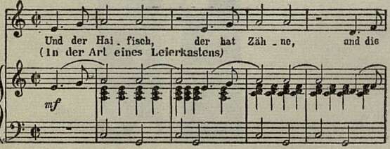 По всему свету бродит мелодия «Жестокого романса о Мэки Ноже», которым начинается пьеса Брехта — Вайля. Ее поет под звуки шарманки уличный певец:
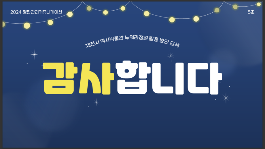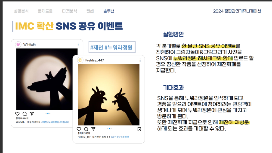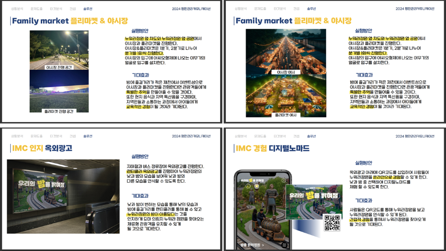 본문 시작 홈으로 흥미로운 교육과정 매력적인 학과소개 흥미로운 교육과정 특별CC프로그램 We can 취업 따뜻한 커뮤니티 홈페이지가이드 작품 갤러리 교육일정 교육과정 전공교육 체계도 졸업후진로 작품 갤러리 작품 갤러리 페이스북 트위터 프린트 [지역연계캡스톤디자인]제천의림지누워라정원발전방안기획 광고홍보학과 3555 2024-07-17 2024년 1학기 평판관리커뮤니케이션 수업 o 과제명 : 제천시 의림지 누워라 정원 발전 방안 o 프로그램 : 지역 연계 캡스톤디자인 수업 도시 브랜드 평판 관리 커뮤니케이션 전략입니다. ^^ 목록 이전[공공캠페인]서울시 공공디자인 공모전 수상작 다음 [사회과학조사방법론]키오스경험인식조사
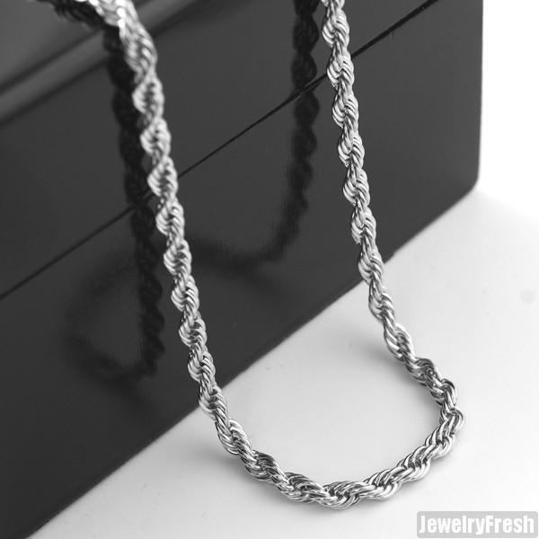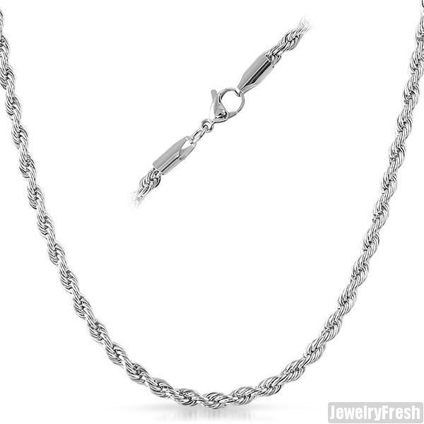 This classic French rope chain is a perfect 4mm size. It works great with smaller pendants or a standalone chain. Matching bracelet is available. It is made out of solid 316L stainless steel and polished to perfection by our expert jewelry production team. This chain will never tarnish. It looks and feels like real platinum.
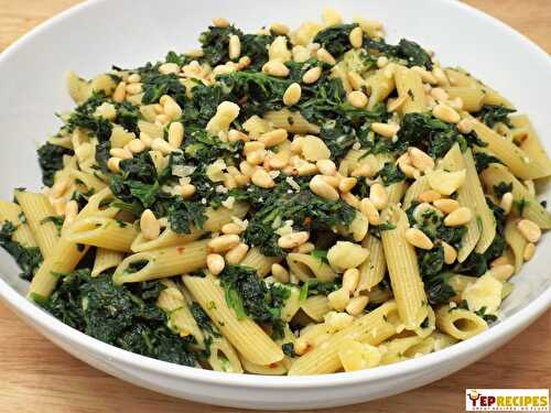 A quick and delicious vegetarian pasta dish with Gruyere cheese and toasted pine nuts.
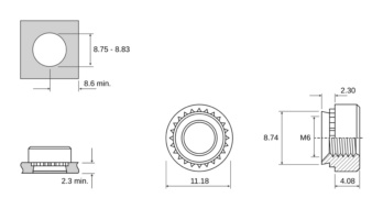 Shaping bushing WECLA is an internally threaded fastening element mounted in thin plates with compression.
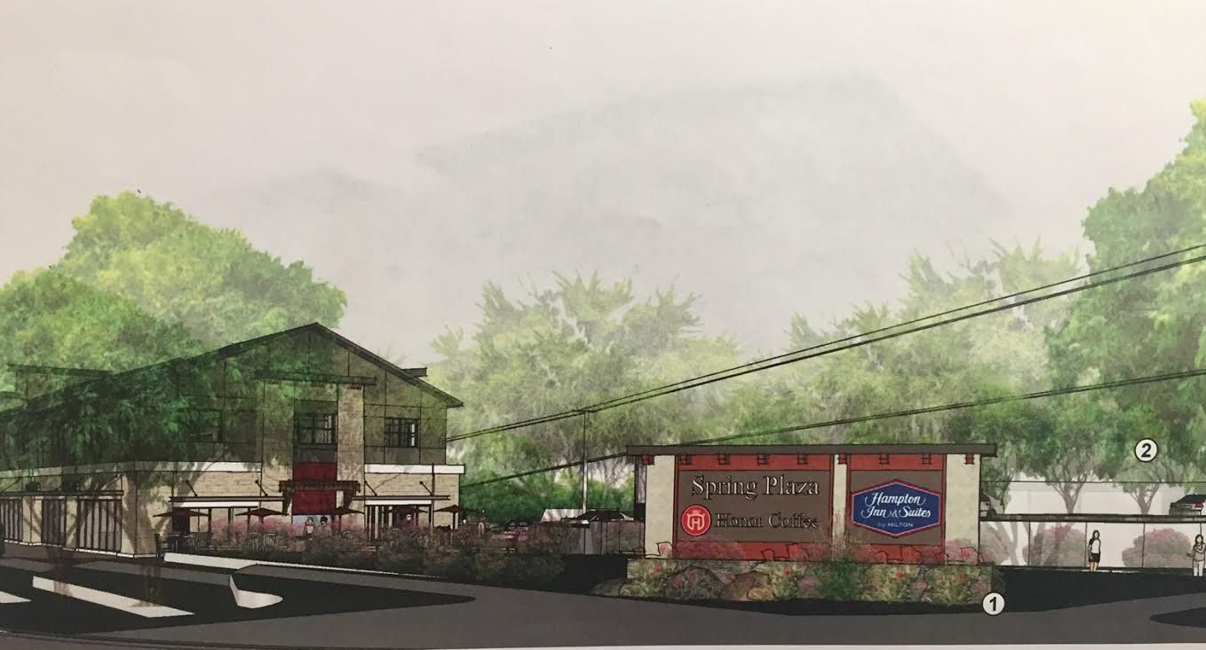 At the request of the Planning Commission, the developer is incorporating a large outdoor plaza, with seating areas, as gathering space for the community. Swanson said this is something the commission felt the existing retail area lacks. The entrance to the property would also included a water feature.

◆ Exercise ◆
Work from the entries above. Set down exactly and only the lines from the line with "A quick and" to the line with "Shaping bushing WECLA", both included, and leave the pictures out.

◆ Completed task ◆
 A quick and delicious vegetarian pasta dish with Gruyere cheese and toasted pine nuts.
 Shaping bushing WECLA is an internally threaded fastening element mounted in thin plates with compression.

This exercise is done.